* Exercise goal: Write out each record exactly as given, but do not include the pictures.

* Supplied data:
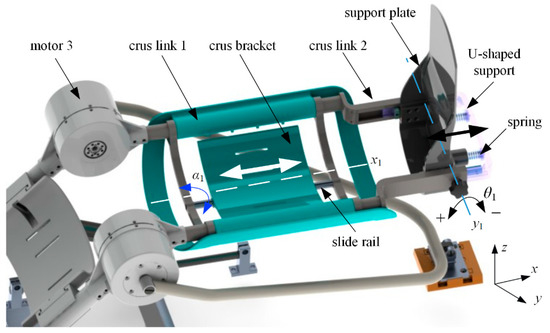 The knee and ankle joint mechanism model composed of crus link 1 and crus link 2 is shown in Figure 8. The length of connecting link 2 can be adjusted to different calf lengths. Motor module 3 consists of a DC servo motor and a harmonic reducer. This motor module directly drives crus link 1 to complete the rotation of the knee joint mechanism. The knee joint mechanism could induce a slight movement of the sagittal plane and tibia rotation accompanied by skin deformations [19,44]. These deformations occurring at the interface between the leg and the robot might cause uncontrollable forces. Therefore, passive mechanisms were added to the crus bracket and support plate to avoid the appearance of undesired forces [45].
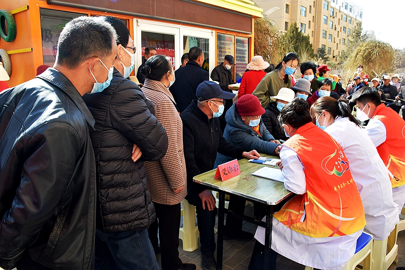 临泽县“新时代文明实践集中服务日”当天,社区组织志愿者走进新时代文明实践广场为居民提供“零距离”义诊服务。甘肃张掖市文明办提供
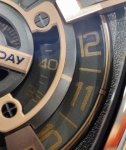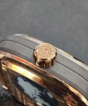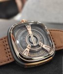 SevenFridays Rose Gold DDD M2 02 is inspired by brass tubing, a typical mechanical component during the Industrial Revolution . The M2 02 features a stainless steel case with a rose gold PVD finish and a polished rose gold PVD nameplate, while the dark grey mirror-finished PVD bezel has rose gold highlights. Its stainless steel animating ring is sandblasted dark grey PVD-finished, while the interface consists of seven layers of dark grey and rose gold, alternating with cast iron textured patterns, opal, matte, and satin finishes. Three custom discs indicate the hours, minutes, and seconds, allowing the time to be read from right to left.
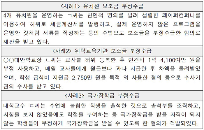 ▲교육분야 정부지원금 부정수급 주요 사례. |
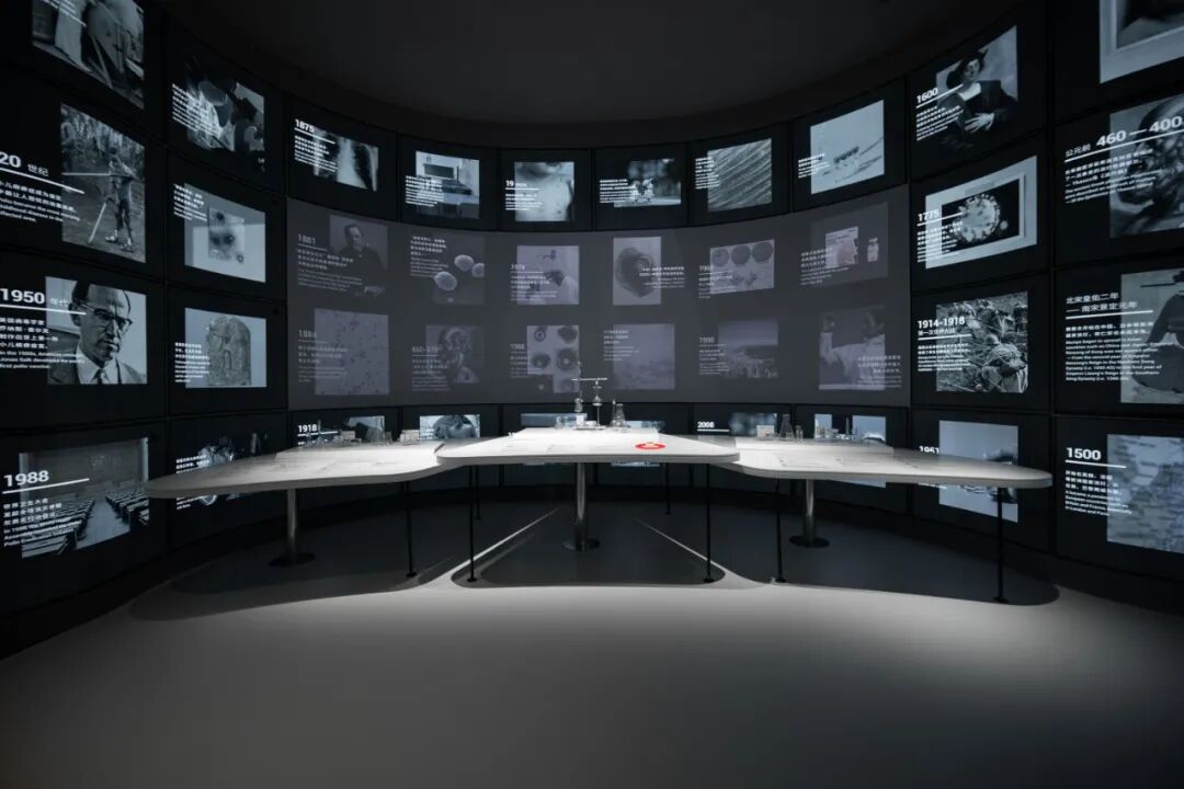 用微观去撬动宏观,是序厅的叙事策略。对于疫苗的研究和疫苗产品的研发是极其微观的事业,但是它引发的是宏观的社会影响,与每个人都息息相关。
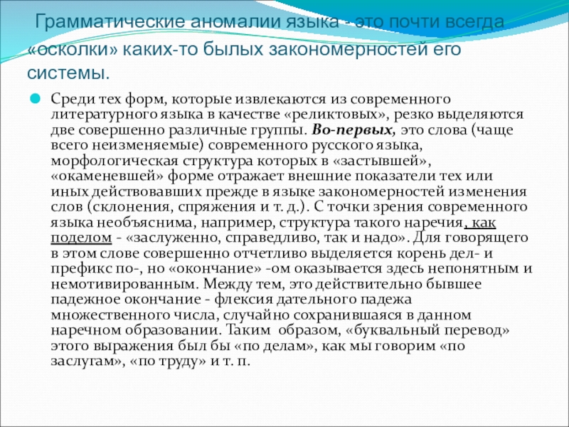 Среди тех форм, которые извлекаются из современного литературного языка в качестве «реликтовых», резко выделяются две совершенно различные группы. Во-первых, это слова (чаще всего неизменяемые) современного русского языка, морфологическая структура которых в «застывшей», «окаменевшей» форме отражает внешние показатели тех или иных действовавших прежде в языке закономерностей изменения слов (склонения, спряжения и т. д.). С точки зрения современного языка необъяснима, например, структура такого наречия, как поделом - «заслуженно, справедливо, так и надо». Для говорящего в этом слове совершенно отчетливо выделяется корень дел- и префикс по-, но «окончание» -ом оказывается здесь непонятным и немотивированным. Между тем, это действительно бывшее падежное окончание - флексия дательного падежа множественного числа, случайно сохранившаяся в данном наречном образовании. Таким образом, «буквальный перевод» этого выражения был бы «по делам», как мы говорим «по заслугам», «по труду» и т. п.
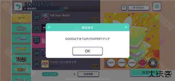 这5个难度模式前4个都是可以直接选择的,一开始第5个噩梦模式是处于锁定状态的。它需要玩家完成指定的任务才能开启,在专家模式内该歌曲的good次数少于7次,只有满足了这个条件,噩梦级别的难度模式才能让玩家参与,不然它会一直处于锁定状态的。
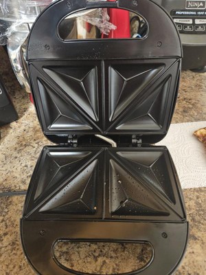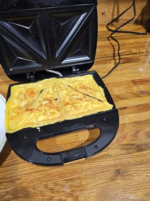 [This review was collected as part of a promotion.] Me and my children love this it works great for making any kind of sandwich. It cooks it quickly and fast. I love that it fits on the counter well. My children love that it is triangular shape and that when done they can cut sandwich easily. The color of the maker is a great color it matches anything. I would recommend this anyone

* Answer section:
 The knee and ankle joint mechanism model composed of crus link 1 and crus link 2 is shown in Figure 8. The length of connecting link 2 can be adjusted to different calf lengths. Motor module 3 consists of a DC servo motor and a harmonic reducer. This motor module directly drives crus link 1 to complete the rotation of the knee joint mechanism. The knee joint mechanism could induce a slight movement of the sagittal plane and tibia rotation accompanied by skin deformations [19,44]. These deformations occurring at the interface between the leg and the robot might cause uncontrollable forces. Therefore, passive mechanisms were added to the crus bracket and support plate to avoid the appearance of undesired forces [45].
 临泽县“新时代文明实践集中服务日”当天,社区组织志愿者走进新时代文明实践广场为居民提供“零距离”义诊服务。甘肃张掖市文明办提供
 SevenFridays Rose Gold DDD M2 02 is inspired by brass tubing, a typical mechanical component during the Industrial Revolution . The M2 02 features a stainless steel case with a rose gold PVD finish and a polished rose gold PVD nameplate, while the dark grey mirror-finished PVD bezel has rose gold highlights. Its stainless steel animating ring is sandblasted dark grey PVD-finished, while the interface consists of seven layers of dark grey and rose gold, alternating with cast iron textured patterns, opal, matte, and satin finishes. Three custom discs indicate the hours, minutes, and seconds, allowing the time to be read from right to left.
 ▲교육분야 정부지원금 부정수급 주요 사례. |
 用微观去撬动宏观,是序厅的叙事策略。对于疫苗的研究和疫苗产品的研发是极其微观的事业,但是它引发的是宏观的社会影响,与每个人都息息相关。
 Среди тех форм, которые извлекаются из современного литературного языка в качестве «реликтовых», резко выделяются две совершенно различные группы. Во-первых, это слова (чаще всего неизменяемые) современного русского языка, морфологическая структура которых в «застывшей», «окаменевшей» форме отражает внешние показатели тех или иных действовавших прежде в языке закономерностей изменения слов (склонения, спряжения и т. д.). С точки зрения современного языка необъяснима, например, структура такого наречия, как поделом - «заслуженно, справедливо, так и надо». Для говорящего в этом слове совершенно отчетливо выделяется корень дел- и префикс по-, но «окончание» -ом оказывается здесь непонятным и немотивированным. Между тем, это действительно бывшее падежное окончание - флексия дательного падежа множественного числа, случайно сохранившаяся в данном наречном образовании. Таким образом, «буквальный перевод» этого выражения был бы «по делам», как мы говорим «по заслугам», «по труду» и т. п.
 这5个难度模式前4个都是可以直接选择的,一开始第5个噩梦模式是处于锁定状态的。它需要玩家完成指定的任务才能开启,在专家模式内该歌曲的good次数少于7次,只有满足了这个条件,噩梦级别的难度模式才能让玩家参与,不然它会一直处于锁定状态的。
 [This review was collected as part of a promotion.] Me and my children love this it works great for making any kind of sandwich. It cooks it quickly and fast. I love that it fits on the counter well. My children love that it is triangular shape and that when done they can cut sandwich easily. The color of the maker is a great color it matches anything. I would recommend this anyone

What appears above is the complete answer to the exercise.